Fix: Tool Call Arguments Did Not Match Schema in Anthropic Tool Use
Why your Claude tool call fails schema validation, in both flavours: the API rejecting your tool definition at request time, and Claude returning a tool_use block your runner cannot accept. Concrete fixes for each, with strict mode, oneOf/anyOf, additionalProperties, and the retry loop pattern.
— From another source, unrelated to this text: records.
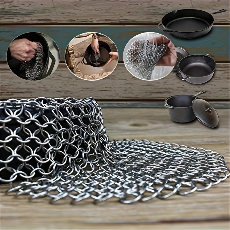 TEMU 1개 헤비듀티 스테인리스 스틸 스카워링 패드 - 인체공학적 플라스틱 손잡이, 재사용 가능한 원형 설거지 브러시, 녹 방지 주방 청소 도구, 걸이 가능, 내구성 강한 냄비 & 접시 세척기
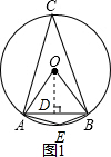 解:(1)如图1,过O作OD⊥AB,则AD=$\frac{1}{2}$AB=$\frac{1}{2}$×$\sqrt{3}$=$\frac{\sqrt{3}}{2}$.
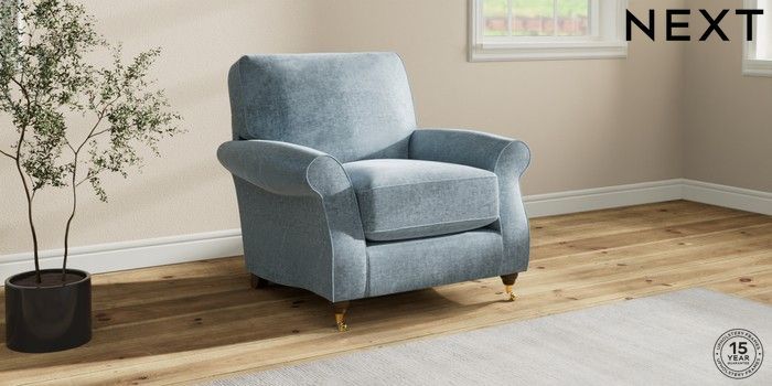 7.2.10 Ashford Relaxed Sit Armchair Plush Chenille Light Blue Castor - Mid | Made Click here to use our website with more accessibility support, for example screen readers
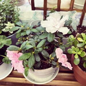 ピンク🩷のアザレアを買ったのに白🤍が咲きました✨ 紅白ぽくていいかなーぁ😊
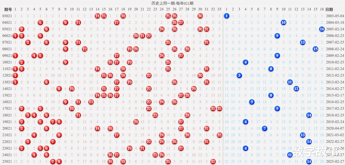 2) 历史同一期: 每年021期 (共23期)
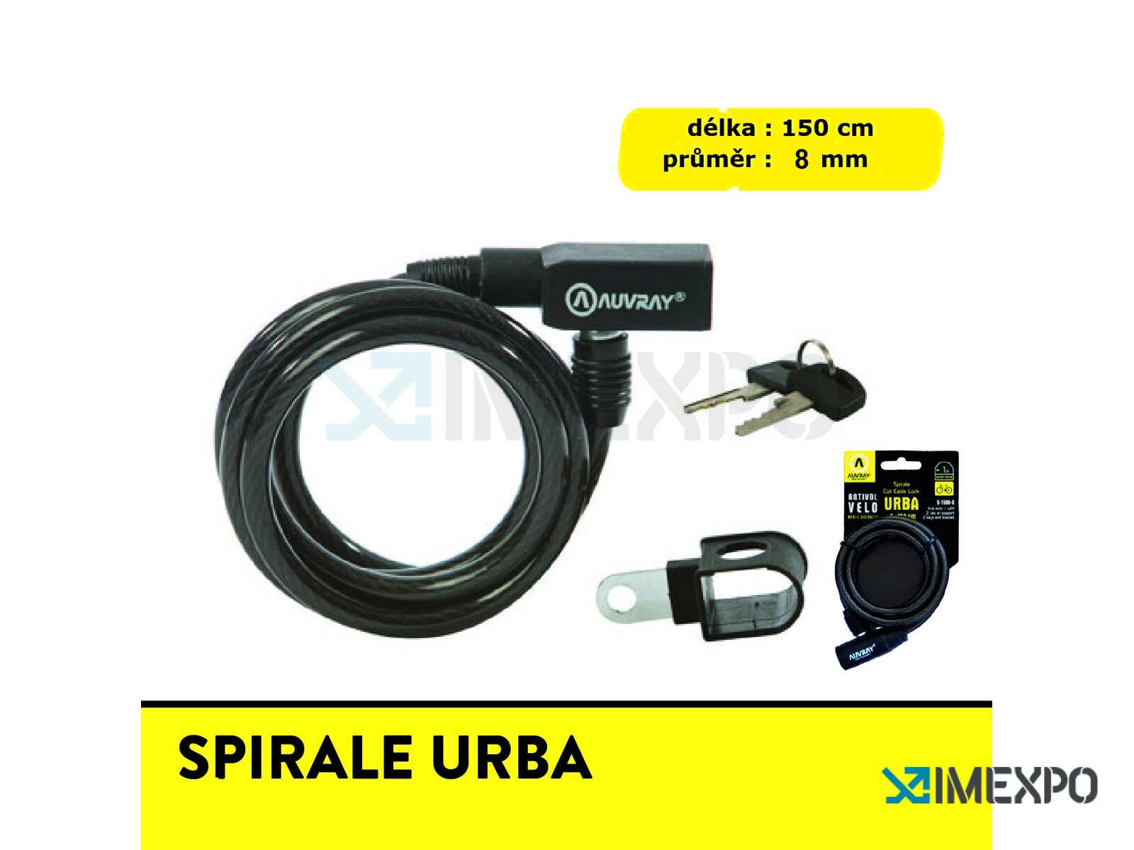 Auvray zámek spirálový Spirale Urban 150cm 8mm je praktické bezpečnostní řešení pro zajištění vašeho kola. Díky své délce 150 cm umožňuje pohodlné připevnění kola k pevnému objektu, zatímco průměr 8 mm zajišťuje dostatečnou odolnost proti přeříznutí. Tento lehký, ale pevný zámek váží pouze 0,25 kg, což ho činí snadno přenosným a ideálním pro každodenní použití.

Fix: Tool Call Arguments Did Not Match Schema in Anthropic Tool Use
If a Claude tool call fails with “arguments did not match schema”, “input_schema is invalid”, or your runner throws when validating tool_use.input, you are hitting one of two distinct failures that share an error string. Either the API is rejecting your tool definition at request time because the input_schema uses unsupported JSON Schema features, or Claude returned a tool_use block whose input does not satisfy the schema you sent and your runner refused to call the function. The fix path is different for each. Verified against the Claude API as of 2026-05, Anthropic Python SDK 0.50.x, the TypeScript SDK 0.30.x, and Claude Code 2.1.128.
The error in context
Two shapes show up in production. The first is a 400 from the Messages API before the model is invoked at all:
API Error: 400
{
"type": "error",
"error": {
"type": "invalid_request_error",
"message": "tools.0.custom.input_schema: input_schema does not support oneOf, allOf, or anyOf at the top level"
}
}
The second is a runtime mismatch on a response that did succeed: Claude returned a tool_use block, but the input object is missing a required property, uses the wrong type, or contains a value outside an enum. Your validator throws something like:
ValidationError: 1 validation error for SearchFlights
passengers
Input should be a valid integer [type=int_type, input_value='two', input_type=str]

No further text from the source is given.